# Mathematical web page of Sebastien Martineau

## General Presentation

This web page presents my research, my teaching material, several mathematical links and a few other things.

The text of this web page is fully in English but many documents are only available in French.
This is not the case as far as research is concerned.

If you need to contact me, click here.

## Research

I obtained in December 2014 a PhD in mathematics under the supervision of Vincent Beffara, at the UMPA.

My thesis is entitled: Percolation on groups and directed models.

After 2 years at the Weizmann Institute of Science, as a postdoc hosted by Itai Benjamini and Gady Kozma,

I am now working at the Université Paris-Sud, as a postdoc of Nicolas Curien and Jean-François Le Gall.

## Presentation

Take a porous stone and plunge it into water. We would like to know whether the water penetrates deeply into the stone or only superficially. Percolation theory allows us to answer this question without breaking the stone. First, weigh the stone to determine its porosity $$p$$, that is its proportion of holes. Then, define a probabilistic model of a stone with porosity $$p$$. To do so, divide a non-porous stone into tiny cubes and throw each of them away with probability $$p$$, independently. Cubes that are not thrown away stay at the same position. If the study of this model reveals that the probability of the event of deep infiltration is very close to 0 or 1, we may postulate that our stone agrees with the majority. And it turns out that, in the limit, this is the case: there is a critical parameter $$p_c$$ such that infiltration typically occurs if $$p > p_c$$ and typically does not occur if $$p < p_c$$. By measuring one number, we have solved a complex geometric problem with a low probability of error.

Mathematically, we consider a graph ($$\mathbb{Z}^3$$ for the stone problem) and a real number $$p$$ between 0 and 1. Each edge is then kept with probability $$p$$ and removed otherwise, in an independent way. We want to know if this random subgraph typically contains an infinite connected component or not.

I study this process for a finitely generated group instead of $$\mathbb{Z}^3$$. I want to understand how the critical parameter depends on the graph under study and what can be said about the connected components that appear. More generally, I am interested in statistical mechanics, ergodic theory and the geometry of graphs/groups.

## Teaching

From September 2011 to June 2015, I gave exercise sessions and coures at the mathematics department of the ENS Lyon.

When the level of a teaching activity is unspecified, it corresponds to "third year of University".

Master 1 corresponds to the fourth year of University and agrégation is prepared during the fifth year of University.

From 2011 to 2015, I taught the probability course to the students preparing agrégation. Here are my lecture notes (which unfortunately do not cover all the material taught in class), the exercise sheets and some additional material.

From 2011 to 2015, I supervised agrégation lessons. For the one on combinatorics, I typed these notes.
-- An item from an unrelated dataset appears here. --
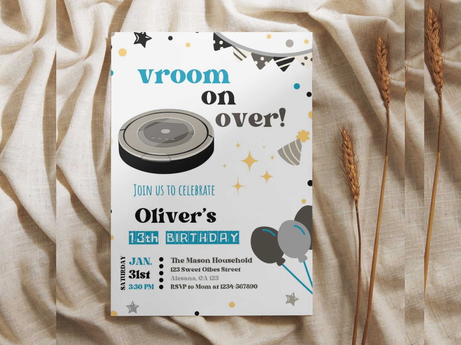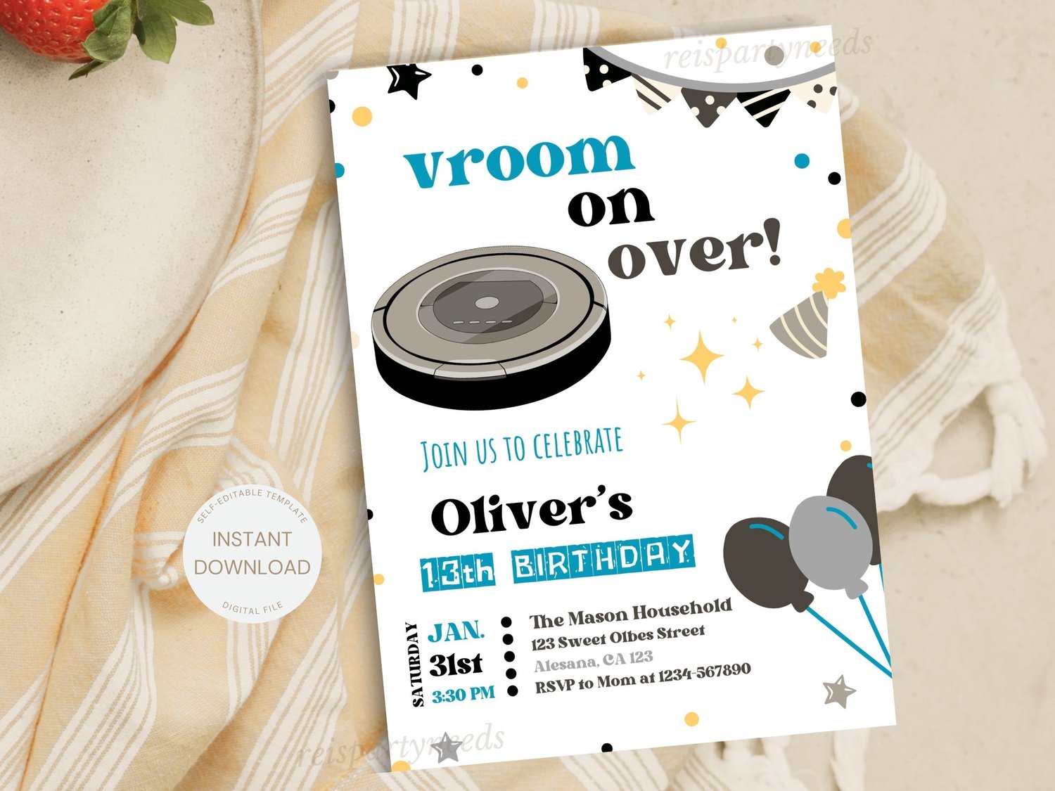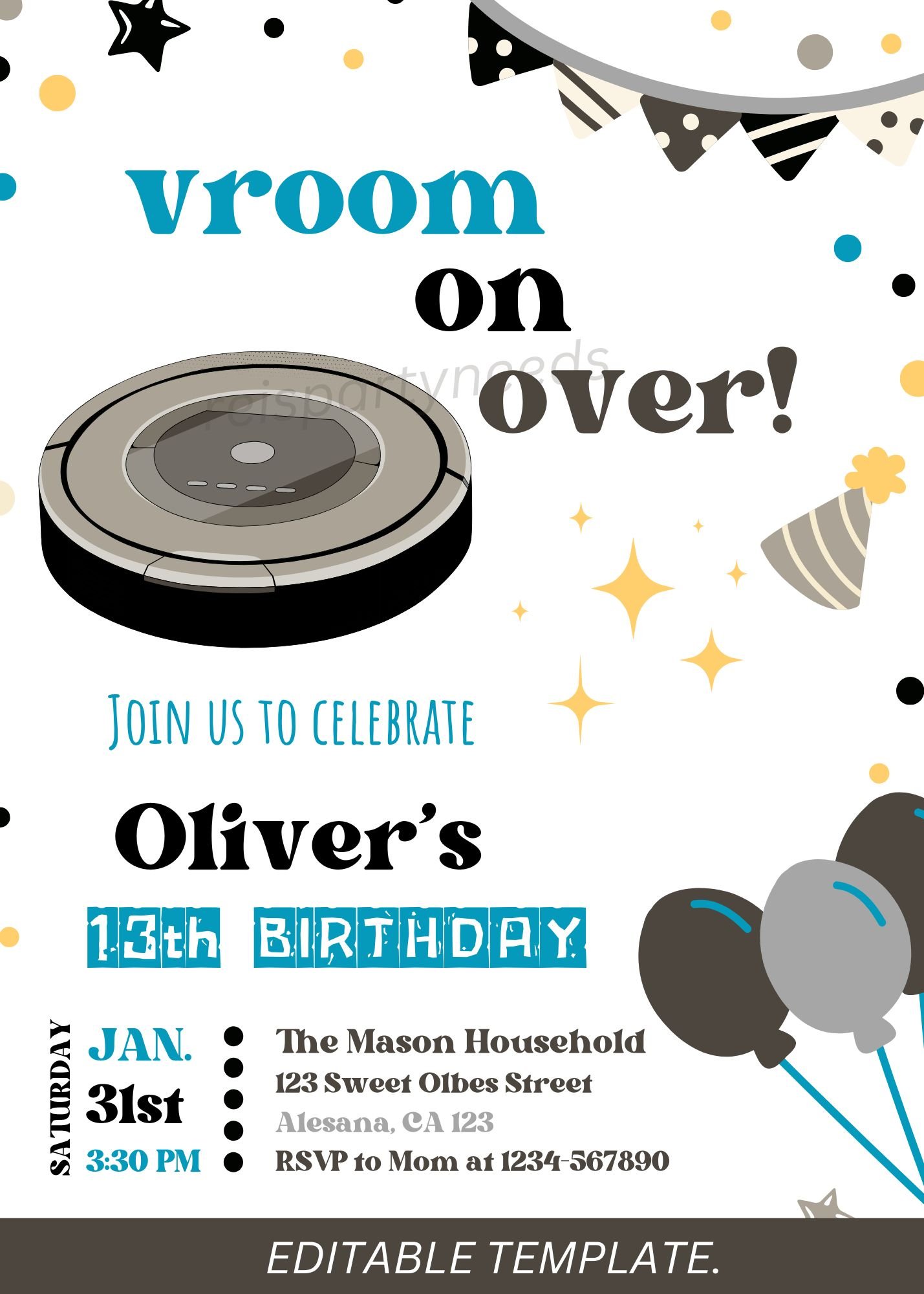 Editable Roomba Birthday Party Invitations, Vacuum Party Invitations, Cleaning Birthday Party Invite, Roomba vacuum Birthday Invitations

In winter 2012, I led with François Le Maître a student working group on John Meier's book Groups, graphs and trees.

In fall 2012, Emmanuel Jacob and I gave the TA of the course Introduction to probability, which was taught by Grégory Miermont. Here are the solutions to some of these exercises.

During winter and spring 2014, Emmanuel Jacob, Vincent Tassion and I gave the TA of the course Integration and probability, which was taught by Grégory Miermont.
Here are his lecture notes.

In 2014 and 2015, I gave the TA of the course Brownian motion and stochastic processes, which was taught by Emmanuel Jacob (Master 1).

In January 2014, I was teaching at the snow class for students preparing agrégation. We talked about a few things, including countable connected sets.

During winter and spring 2015, I gave a course for non-mathematicians called Glimpses of mathematics.

At last, during the academic year 2014-2015, Emmanuel Jacob and I were in charge of the preparation to the option A of agrégation (probability and statistics)). Here are a few Scilab exercises.